Large-scale data processing is increasingly done using distributed computing frameworks like Apache Spark, which have a considerable number of configurable parameters that affect runtime performance. For optimal performance, these parameters must be tuned to the specific job being run. Tuning commonly requires multiple executions to collect runtime information for updating parameters. This is infeasible for ad hoc queries that are run once or infrequently. Zero-execution tuning, where parameters are automatically set before a job's first run, can provide significant savings for all types of applications, but is more challenging since runtime information is not available. In this work, we propose a novel method for zero-execution tuning of Spark configurations based on retrieval. Our method achieves 93.3% of the runtime improvement of state-of-the-art one-execution optimization, entirely avoiding the slow initial execution using default settings. The shift to zero-execution tuning results in a lower cumulative runtime over the first 140 runs, and provides the largest benefit for ad hoc and analytical queries which only need to be executed once. We release the largest and most comprehensive suite of Spark query datasets, optimal configurations, and runtime information, which will promote future development of zero-execution tuning methods.

Figures (5)

• Figure 1: Overview of our zero-execution method for retrieval-augmented tuning of Spark configuration parameters. A query is first processed by the Spark SQL module to generate a logical plan. ZEST embeds the logical plan and retrieves the top-$k$ most similar historical embeddings with their corresponding tuned configurations from a vector database. ZEST returns the mean of retrieved configurations to Spark which then initializes a new application to execute the job.

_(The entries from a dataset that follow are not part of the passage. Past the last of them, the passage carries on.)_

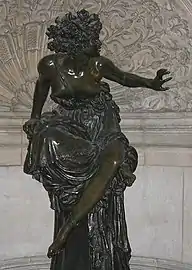 The bases of the two avant-corps are decorated (from left to right) with four major multi-figure groups sculpted by François Jouffroy (Poetry, also known as Harmony),[23] Jean-Baptiste Claude Eugène Guillaume (Instrumental Music), Jean-Baptiste Carpeaux (The Dance, criticised for indecency), and Jean-Joseph Perraud (Lyrical Drama). The façade also incorporates other work by Gumery, Alexandre Falguière, and others.[24]
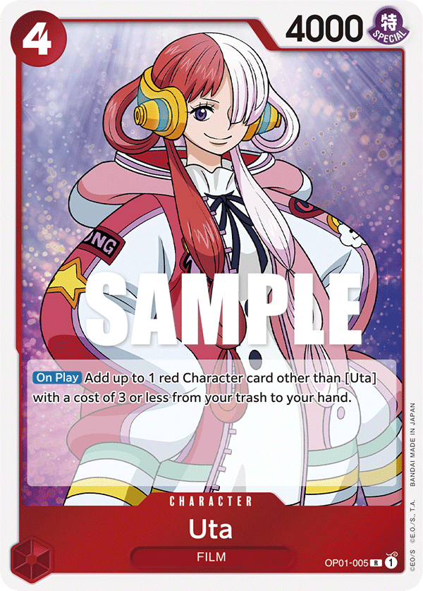 [On Play] Add up to 1 red Character card other than [Uta] with a cost of 3 or less from your trash to your hand.
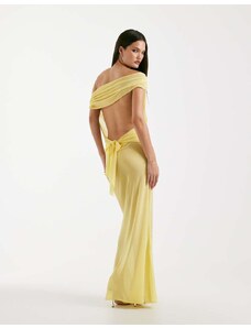 I.AM.GIA Kahlo chiffon sheer off shoulder open back tie detail maxi dress in yellow
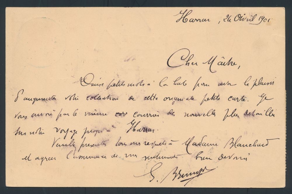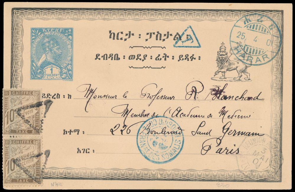 4551 PWST imageEthiopia, 1901, postcard "1 Guerch" sent from Harar to Paris via Djibouti and Réunion, with penalty postage "20c. (pair "10c.") and triangular stamps, rare and attractive item, vf(Image 1) (Image 2)

• Figure 2: Distribution of configuration values for the optimal parameters for a query in the index on the EMR cluster. The x-axis denotes the values of the configuration parameters and the y-axis denotes the frequency of those parameter values in the optimal configuration across all queries and input data sizes.
• Figure 3: Accumulated cost of query executions on the TPC-H and TPC-DS benchmarks under different tuning algorithms on the EMR cluster. The x-axis does not count the initial run with default parameters used by methods other than ZEST.

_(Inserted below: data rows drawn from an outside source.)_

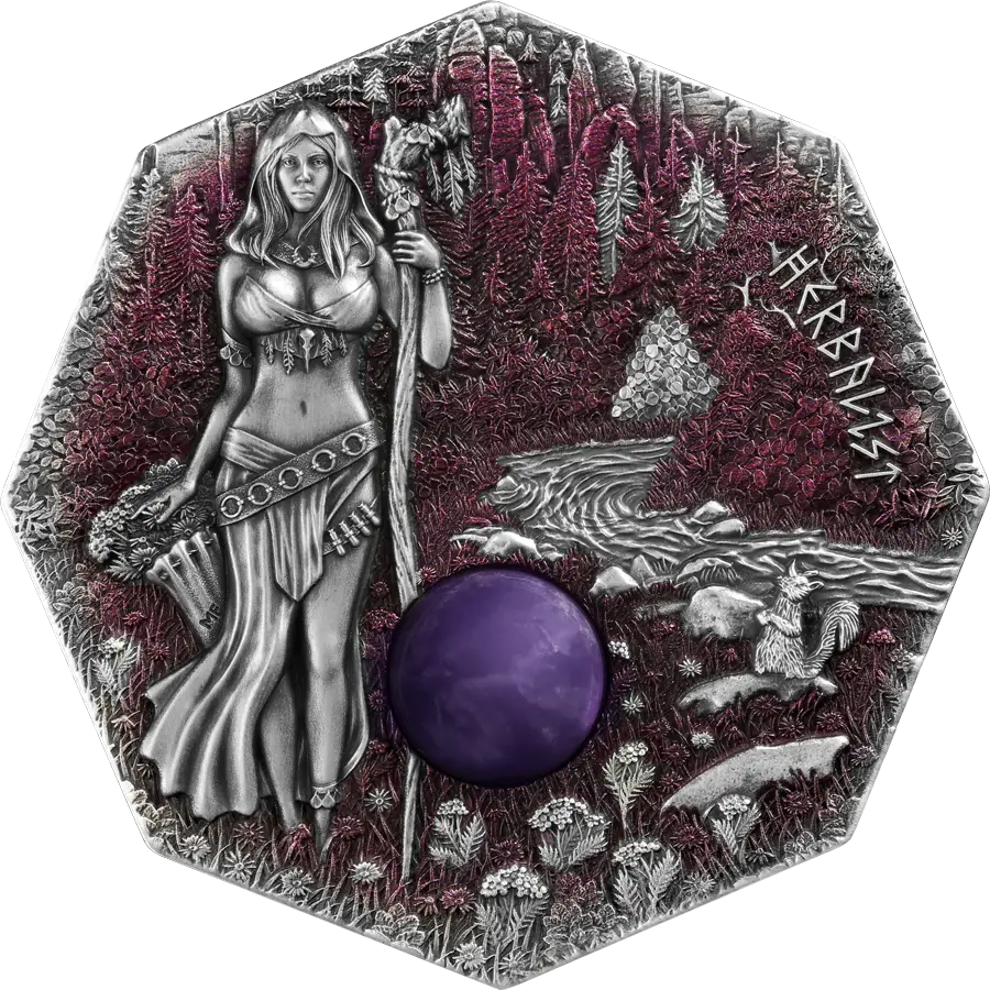 Zušlechtěná verze druhé mince z unikátní série od Germania Mint: 2025 Witchcraft: Herbalist 2 oz Silver Ultra High Relief. Kolekce představuje germánské ženy, které měly tajné znalosti a moc, podporovaly zdraví, odháněly zlé duchy a prováděly magické rituály.
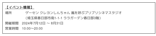 テクミラホールディングスの子会社であるネオス株式会社(本社:東京都千代田区、代表取締役 社長執行役員:池田 昌史)は、日本およびアジア地域で販売中のNintendo Switch向けソフト【クレヨンしんちゃん 『炭の町のシロ』】(以下、本作)におけるプロモーションの一環として、韓国で好評を得たPopUp展開を、春日部のクレヨンしんちゃんオフィシャルアミューズメント&ショップである「ゲーセン クレヨンしんちゃん 嵐を呼ぶブリブリシネマスタジオ」(運営:株式会社プレジャーキャスト)にて7月12日~8月31日の期間限定で実施いたします。
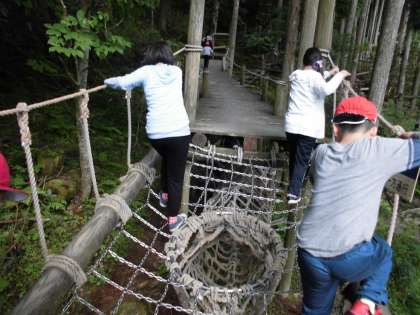 そのあとは,みんな楽しみにしていた「冒険の森」での活動です。学校のアスレチックもいいですが,山の家のアスレチックは規模も大きくて,とても楽しめました。

• Figure 4: Tuning queries on an unseen data catalog. The methods were built on solely the TPC-DS data catalog and queries, and tested on the TPC-H data catalog and queries on the EMR cluster.
• Figure 5: Template for TPC-H Query 21 from the test set and the corresponding most similar item in the retrieval index, TPC-H Query 2. Highlighted text indicates common query operations, while coloured text indicates the common columns on which they were executed.